HT: How long did it take you to complete this story?
SD: Let’s see, I have it right here. I started it on May 14, ‘02 and finished it on June 17, ‘02. This is true. I keep a record of when I started and ended something. I felt I needed one more section to END OF I., which is the third of the I. Trio. Something funny, something a bit different that took in some other aspect of the narrator’s life. That’s when I finished END OF I.—when I finished “Three Novels.” Now I have two sequels to I. Looking for a publisher: TWO (don’t tell my colleague) and END OF I.
HT: What is the best bit of advice about writing you have ever received?
SD: What George Plimpton told me in a letter when, many years ago—I think it was 1966, and I’d sent him a story for a Paris Review contest and a novel for Paris Review Editions (its first incarnation): “You’re not a novelist and maybe you’re not a short story writer as well.” I won’t say this is good advice for every writer, but it sure got me to write even harder than I was. It got me going in a way that flattery or praise wouldn’t have: I knew I had to inure myself against all criticism of my work and just write what I wanted to write and take the consequences, and also to write better than I was doing.

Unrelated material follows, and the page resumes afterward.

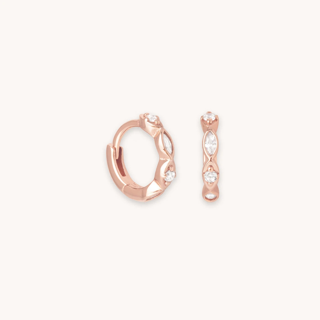 Huggies so sparkly they look out of this world. The Ethereal Crystal Huggies in Rose Gold give your ears the shine they deserve. They feature on-trend navette stones, which match our best-selling Navette Fan Barbells (perfect if you like to coordinate). Wear these in your first lobe piercing for an everyday look, or stack with chunky hoops & ear cuffs for a night-out vibe.

HT: What are you working on now?
SD: A new novel called PHONE RINGS. I started it in June, when I wrote the entire first draft, something I never do: I usually write from section to section, completing a 1st draft of one, then the completed manuscript of that section. I wrote the first draft in 3 months, around 200 pages. Now I’m working on the final draft. I’m on p. 148 and it’s going as well as any book—novel—I’ve ever written. I’m totally immersed in it, can’t think of doing anything except getting to it every day. But since I have to get to other things-the work that pays, for instance, plus family chores—I get to PHONE RINGS as often as I can, and every day, but not for as long as I’d like. It’ll end up being about 600 pp and as good as anything I’ve done.